Within the records below, find the line with "𝗙𝗜𝗘𝗦𝗧𝗔𝗦 𝗣𝗔𝗧𝗥𝗜𝗔𝗦 𝟮𝟬𝟮𝟯" and the line with "2020年6月23日,在哈薩", then reproduce exactly those two lines and all lines between them, without any picture.

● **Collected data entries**
====
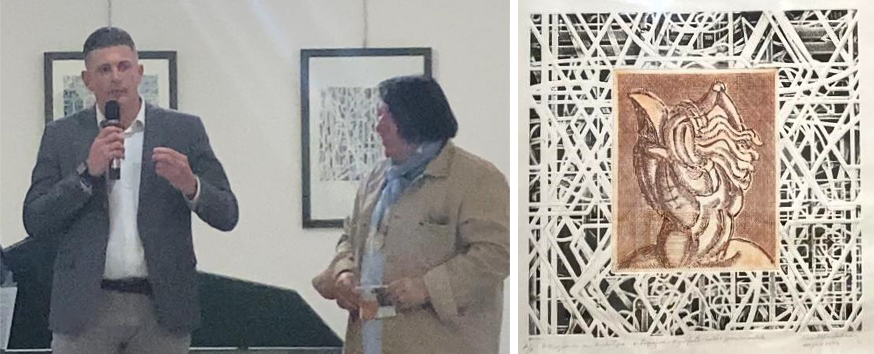 L'intervento del sindaco di San Polo dei Cavalieri Simone Mozzatta con Claudio Marescotti. A destra Placido Scandurra, Cavaliere inesistente tra circuiti metropolitani, 2024, Xilografia e incisione calcografica, cm 40x40 (foglio 70x50) - Foto Sonia Peters e Lucrezia Rubini
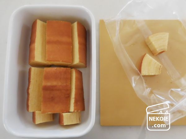 八等分サイズでは入りきらなかったぶんは、更に一口大まで切り分けて。
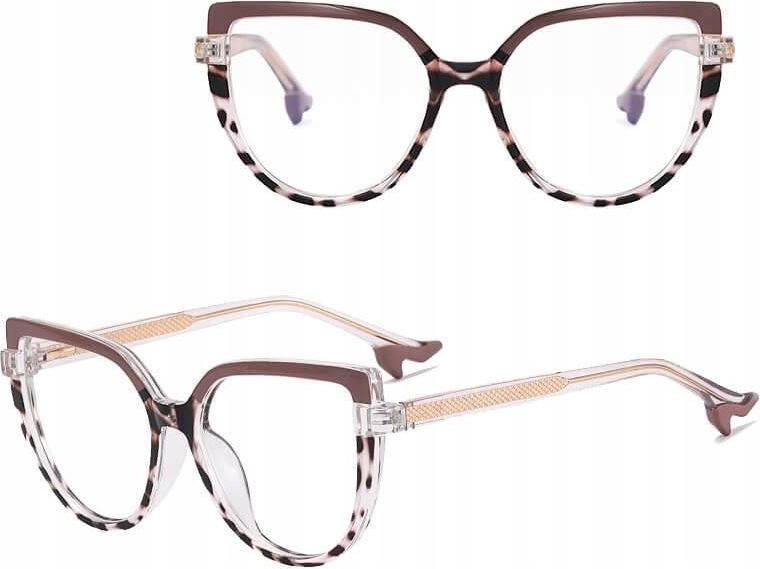 DAMSKIE OKULARY KOCIE OCZY NA OBCASIE ZERÓWKI Z FILTREM BLUE LIGHT i ANTYREFLEKS DO KOMPUTERA 25159E w wersji Premium STYLION kolor oprawki brązowy + panterka oprawka kocie oczy z idealnym podkreśleniem w postaci zausznika zakończonego damskim butem na obcasie okulary do komputera, telefonu, …
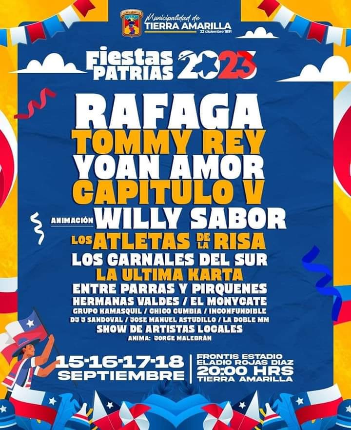 𝗙𝗜𝗘𝗦𝗧𝗔𝗦 𝗣𝗔𝗧𝗥𝗜𝗔𝗦 𝟮𝟬𝟮𝟯 Tierra Amarilla y su parrila de artista .
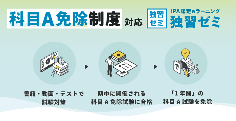 ・講座の内容 「科目A試験免除制度」に対応したIPA認定の基本情報技術者試験の対策eラーニング。 書籍・動画・WEBテストで対策を行い、期中の科目A免除試験に合格すれば、その後1年間の科目A試験を免除できます。 ・プログラムの流れ 1. eラーニング上で科目A試験対策を行い、学習条件をクリア 2. 6月/7月 または 12月/1月に開催される科目A免除試験に合格で1年間「科目A試験免除」 ・到達目標 科目A免除試験の合格 基本情報技術者試験 科目A試験合格相当の知識の習得 ・受講にあたっての注意事項 ※科目A免除制度とは 基本情報技術者試験の科目A分野を免除できる特別な制度です。独習ゼミ上で学習条件をクリアし、事前に「科目A免除試験」に合格すると、その後「1年間」科目A試験を免除することができます。1年以内であればいつでも科目B試験のみ受験となります。初めて受験される方や、効率良く合格を目指したい方などにおすすめです。 ※免除制度と試験の詳細はIPA(情報処理推進機構)のWebページをご参照ください。 https://www.ipa.go.
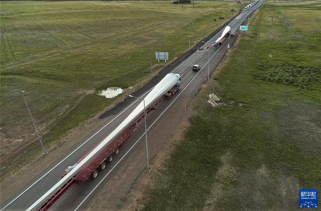 2020年6月23日,在哈薩克斯坦卡拉干達至努爾蘇丹段公路,卡車車隊運輸70米長的風機葉片(無人機拍攝)。新冠疫情期間,中國和哈薩克斯坦克服困難,繼續推動新能源領域合作。中國生產的風電設備跨越數千公里運輸至哈薩克斯坦,助力哈薩克斯坦可再生能源項目。新華社發(奧斯潘諾夫攝)
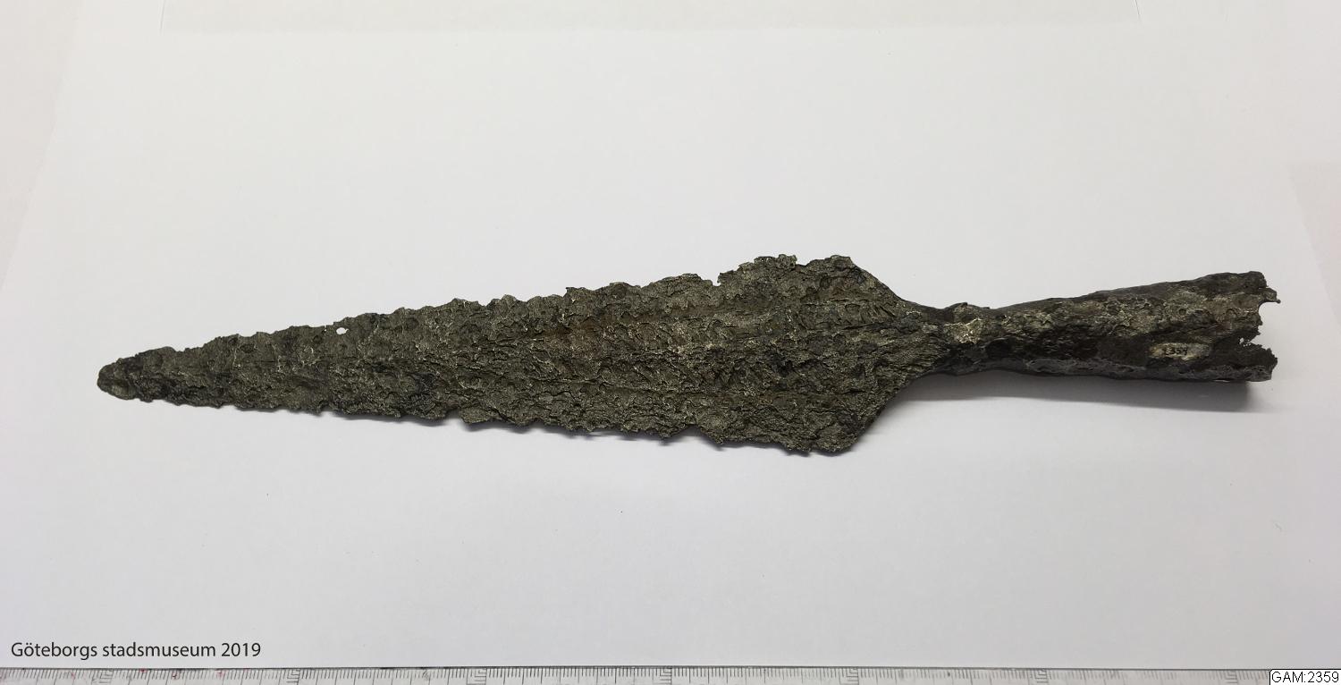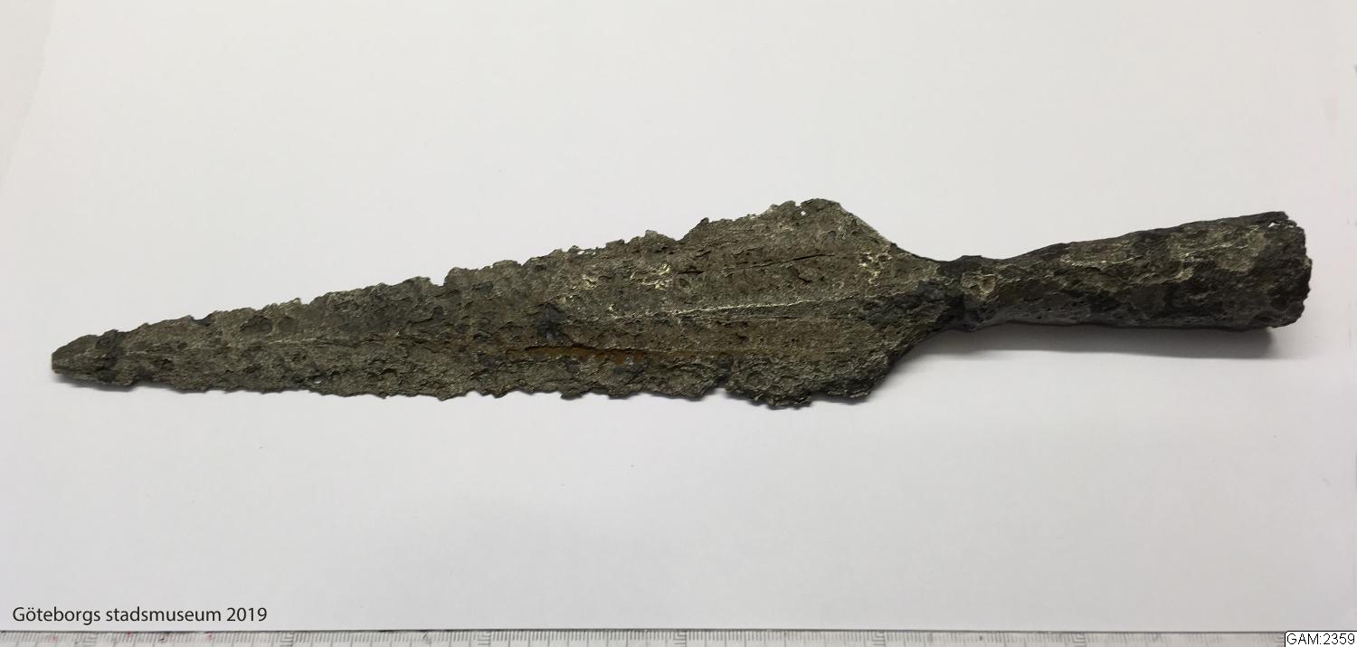 Comments on the construction of the spearhead: The conical socket was attached to the spear shaft by means of two nails, one of which survives, the other one left a hole 4 mm in diameter. The nails are aligned with the blade. The socket was made out of a sheet of iron welded along a line in a plane roughly perpendicular to the holes. No visible decorations are left on the socket. The socket walls are at least 2.1-2.4 mm thick, but it is possible that they are thicker: the pitting is deep in places but no holes are visible. It is possible that the socket was usually polygonal (octagonal?) as it seems to present in places flat-ish surfaces, but the state of the metal makes it difficult to judge whether this was the original shape, or a result of corrosion/conservation. A polygonal socket would be quite exceptional for a Type H spearhead. A bulge, typical of Type H spears, is visible at the junction between the socket and the blade. The hollow inside the socket is 95 mm deep. This is exactly the length of the socket plus the bulge, so the weld attaching the socket to the blade is presumable either in the bulge (hidden under it?), or after it. Deep lines run just after the bulge but these might be a result of conservation work rather than signs of the welding line. The blade has a composite construction, made of 7 different elements of metal (possibly only 4 if all the outer elements are bent around rather than made of two pieces). The core, of layered (folded) iron, is 10-12 mm wide, and about 12 cm long (from the base of the blade) - it extends about 9 cm further than the shoulder of the blade. The second layer, 30 mm wide at the shoulder of the blade, is made of twisted pattern-welded rods. The direction of the twist is the same on both sides of the blade, rather than symmetric. The number of layers in the twisted rods was not determined, and the surface preservation near the base of the blade made it impossible to say whether the end of this layer was forged to shape or ground. The third layer is a wolf-tooth pattern, of homogeneous metal. The toothed bands are about 5 mm thick, and the teeth are about 3 mm high and spaced by 5 mm. The last layer is the edge, of layered (folded) metal, presumably steel rather than iron. The lines of the metal, flowing around the wolf-tooth pattern, show clearly that the edge was forged onto the pre-formed teeth (rather than a iron rod being forged onto teeth pre-formed in the steel band). The layered edge shows signs of delamination in several places. The cutting edge itself is preserved nowhere, and the remaining, corroded edge is damaged (bent) in several places, but it is impossible to know whether this damage precedes the corrosion process or not. The blade has a simple diamond cross-section, with simple bevels. The ridge is offset by about 1 mm from the middle of the spearhead on all its length (save for the tip), but is well-aligned with the socket. While such an asymmetry is far from abnormal, it is possible (given the shape of the blade and the corrosion state of the edges) that one edge is more corroded than the other. The blade is slightly bent (with an offset of 7 mm with respect to a perfectly straight line), the bend starts about 9 cm from the tip of the blade. Again it is impossible to tell whether this happened before or after deposition - although a bend happening during the use of the weapon might have rather happened closer to the point./Dr Jan Orkisz 2019-12-02
====
● **RESULT**
 𝗙𝗜𝗘𝗦𝗧𝗔𝗦 𝗣𝗔𝗧𝗥𝗜𝗔𝗦 𝟮𝟬𝟮𝟯 Tierra Amarilla y su parrila de artista .
 ・講座の内容 「科目A試験免除制度」に対応したIPA認定の基本情報技術者試験の対策eラーニング。 書籍・動画・WEBテストで対策を行い、期中の科目A免除試験に合格すれば、その後1年間の科目A試験を免除できます。 ・プログラムの流れ 1. eラーニング上で科目A試験対策を行い、学習条件をクリア 2. 6月/7月 または 12月/1月に開催される科目A免除試験に合格で1年間「科目A試験免除」 ・到達目標 科目A免除試験の合格 基本情報技術者試験 科目A試験合格相当の知識の習得 ・受講にあたっての注意事項 ※科目A免除制度とは 基本情報技術者試験の科目A分野を免除できる特別な制度です。独習ゼミ上で学習条件をクリアし、事前に「科目A免除試験」に合格すると、その後「1年間」科目A試験を免除することができます。1年以内であればいつでも科目B試験のみ受験となります。初めて受験される方や、効率良く合格を目指したい方などにおすすめです。 ※免除制度と試験の詳細はIPA(情報処理推進機構)のWebページをご参照ください。 https://www.ipa.go.
 2020年6月23日,在哈薩克斯坦卡拉干達至努爾蘇丹段公路,卡車車隊運輸70米長的風機葉片(無人機拍攝)。新冠疫情期間,中國和哈薩克斯坦克服困難,繼續推動新能源領域合作。中國生產的風電設備跨越數千公里運輸至哈薩克斯坦,助力哈薩克斯坦可再生能源項目。新華社發(奧斯潘諾夫攝)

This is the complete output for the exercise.